Past economic readings have still been surprisingly strong. Q2 GDP showed a better-than-expected 0.7% q-o-q rise lifting annual growth to 9.6% y-o-y. Employment growth surprised in July rising by 2,200 and with the unemployment rate falling to a twelve-year low 4.6%. The good economic news will not last as the lockdowns take their toll in August and September monthly readings and ultimately Q3 GDP likely to be down 2.0% q-o-q at least.

Doubt has also started to be expressed by analysts about whether growth will rebound in Q4. There is a National Plan for easing restrictions at 70% and 80% vaccination rates (achievable by mid-Q4) but how much restrictions ease will depend upon Covid infection, hospitalisation and death rates as well as Federal/State politics at the time. At the very least, it seems the downside risks to near-term growth prospects may cause the RBA to go more slowly tapering bond purchases while reinforcing its guidance on official interest rates that there will be no rate hikes before 2024.

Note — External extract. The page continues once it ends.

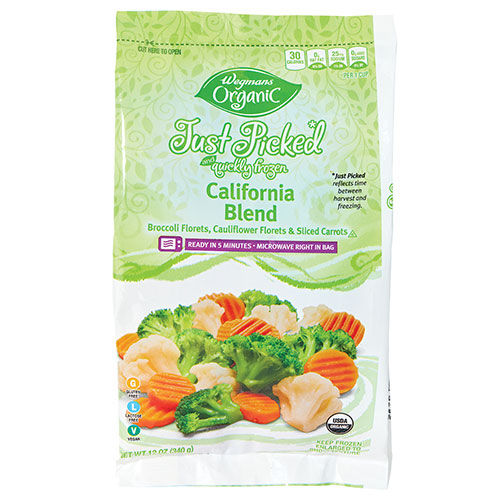 California Blend is manufactured by Wegmans Food Markets, Inc. with a suggested serving size of 1 Cup (90 G) and has 30 calories per serving.

If US bond yields rise further because of increasing global inflation concern Australian bond yields will not be immune. The difference in Australian near-term growth prospects compared with the US, however, lending greater credibility to the RBA’s message than that of the Fed of holding down official interest rates longer implies relatively less upward pressure on Australian government bond yields than may be evident on US bond yields over the next few months.